As I became friends with J, I learned to see the difference in existing and living. I was merely existing in the suffering, but J was somehow living. He too was navigating a new way of life, yet he embraced the life he never asked for. His diagnosis couldn’t confine or define him. I often wondered how he could suffer so much yet remain so steadfast in his pursuit of abundant life. It wasn’t until after we parted ways that I learned his secret to living in the midst of the dying.
Right before I was released from the hospital, J gave me several bracelets that had been created as a fundraiser for his leukemia treatments. I remember seeing “Joshua 23:3” printed on the bracelet band, but I didn’t look up the verse. I didn’t even think about the bracelets until one of my trips to Children’s a few months later. The day seemed so normal until I heard the news that left me numb. “J is back in the hospital, and he isn’t doing well.” I assumed his leukemia was to blame, but that wasn’t really the case. He was dying because he wanted to live. After J and I were released from the hospital, he and his friends decided to enjoy a nice summer day by jumping in the lake. Little did they know, J’s immune system was too weak to fight the infection he would acquire from their fun in the sun. He would die living.

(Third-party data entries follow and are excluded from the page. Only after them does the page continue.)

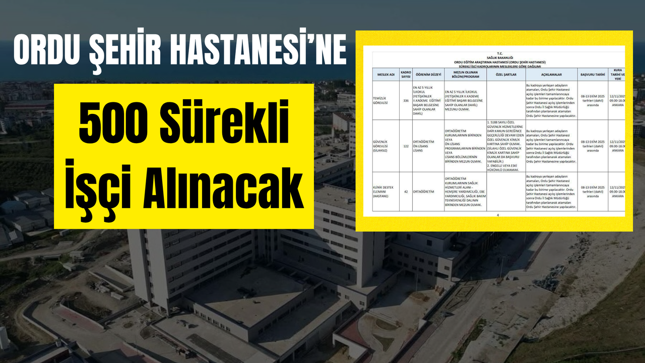 Sağlık Bakanlığı, 11 ilde toplam 2 bin 764 sürekli işçi alımı yapacağını duyurdu. Alımlar kapsamında Ordu Şehir Hastanesi’ne 500 kişilik kontenjan ayrıldı.
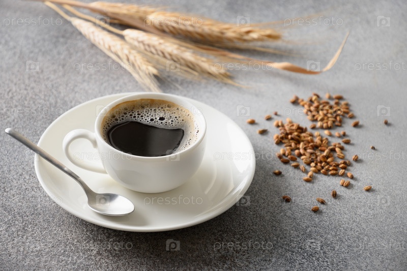 Ячменный кофе в белой чашке и колосья ячменя на сером фоне
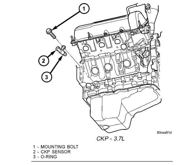The Crankshaft Position (CKP) sensor is mounted into the right rear side of the cylinder block. It is positioned and bolted into a machined hole.
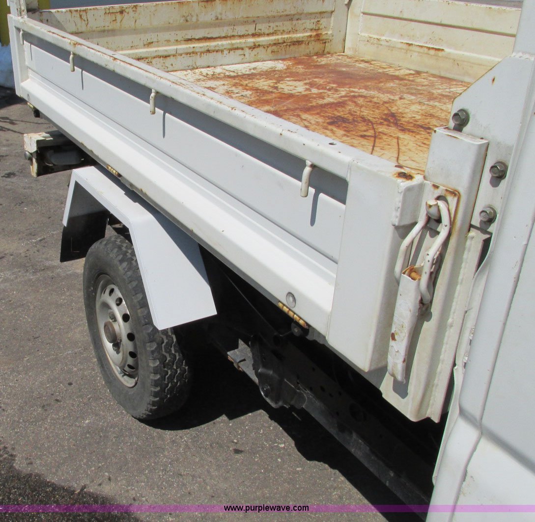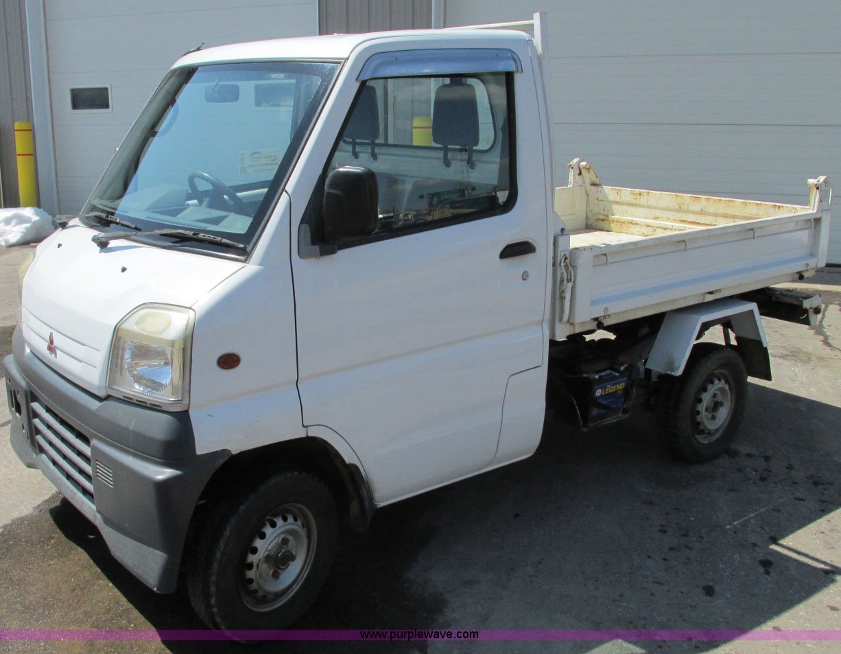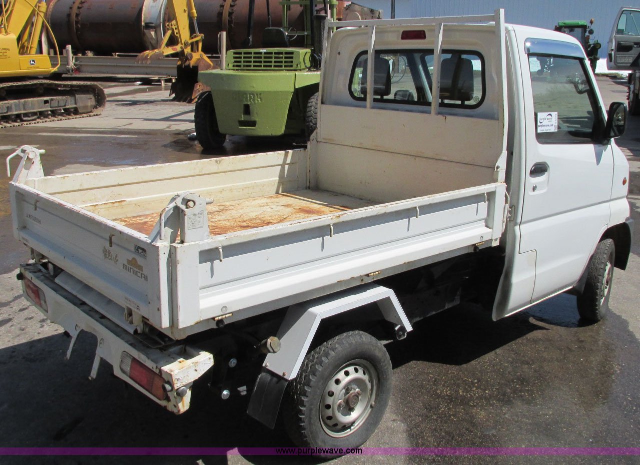 Purple Wave is selling a used Utility Vehicle in Minnesota. This item is a 1999 Mitsubishi minicab truck with dump bed with the following: 30,507 kilometers on odometer, Model GD-U62TYNSA1, Fuel injected, Five speed manual transmission, Hi-Lo, Four wheel drive, Heat, Manual windows and locks, 72"L x 57"W hydraulic dump box, 10" fold down sides, Headache rack, Head and taillights, 145R12LT06PR tires, Chassis No. U62T-0002324
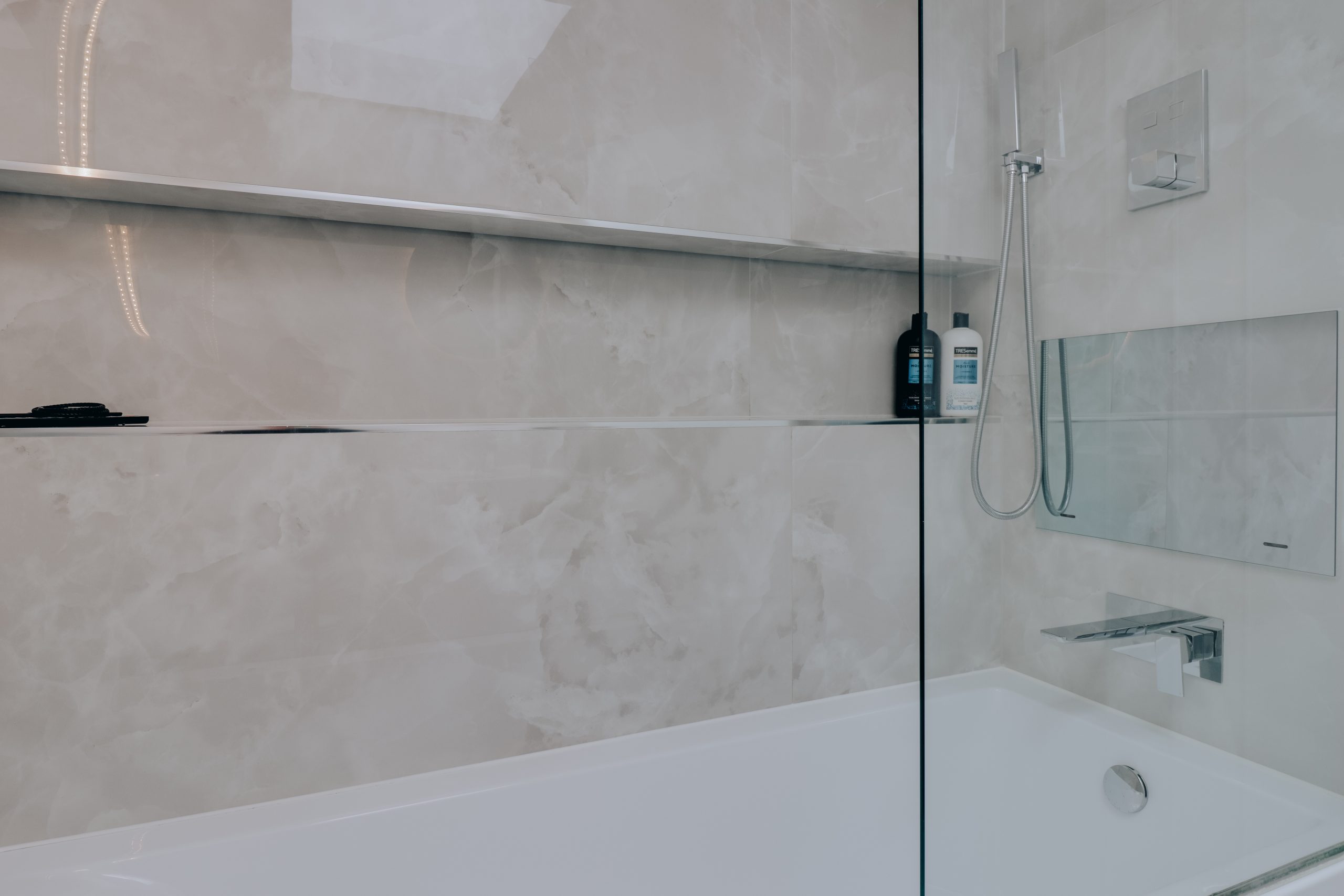 Upstairs, two generous double bedrooms maintain the home’s refined tone. Each features inbuilt cabinetry, designed for both form and function, and crisp white blinds for privacy. The bathroom feels like a private retreat - large-format grey tiles and a statement bathtub with a mirrored TV screen, all working harmoniously to create a space that’s part luxury suite, part sanctuary.

When J died, I finally looked up the verse on the band. Alone in my room, I quietly read the verse and it left me weeping. “And you yourselves have seen all that the Lord your God has done to all these nations for your sake, for it is the Lord your God who has fought for you.” This reminiscent verse in Joshua 23 looked back on how the Lord had fought for his people and upheld his promises to them. It was a remark made at the end of Joshua’s life as he exhorted Israel to be faithful to the God who had not forsaken them. I wept as I realized J didn’t merely utter those reminiscent words at the end of his fight. Instead, he proclaimed them as he marched into the battle he would ultimately lose. He chose that verse for the bracelet at the beginning of his battle with leukemia. He knew that even if he didn’t survive that battle, he had already seen the Lord lovingly fight for him. That verse was his anthem, his secret to living well in the midst of the dying.
J already knew what I’m still learning. To exist is a gift, but to really live is often a choice. J’s existence certainly wasn’t easy or painless, but he chose to live in the midst of his suffering. He didn’t merely spend his days breathing in and out, but he often reached out and drew others in. He was a light in a dark world, leading others to the one who had not forsaken him. He was a depiction of suffering well as he refused to waste the gift of existence. He knew what so many of us learn as we come face-to-face with our own mortality. We’re most courageous when we know we’re dying, yet we live anyway.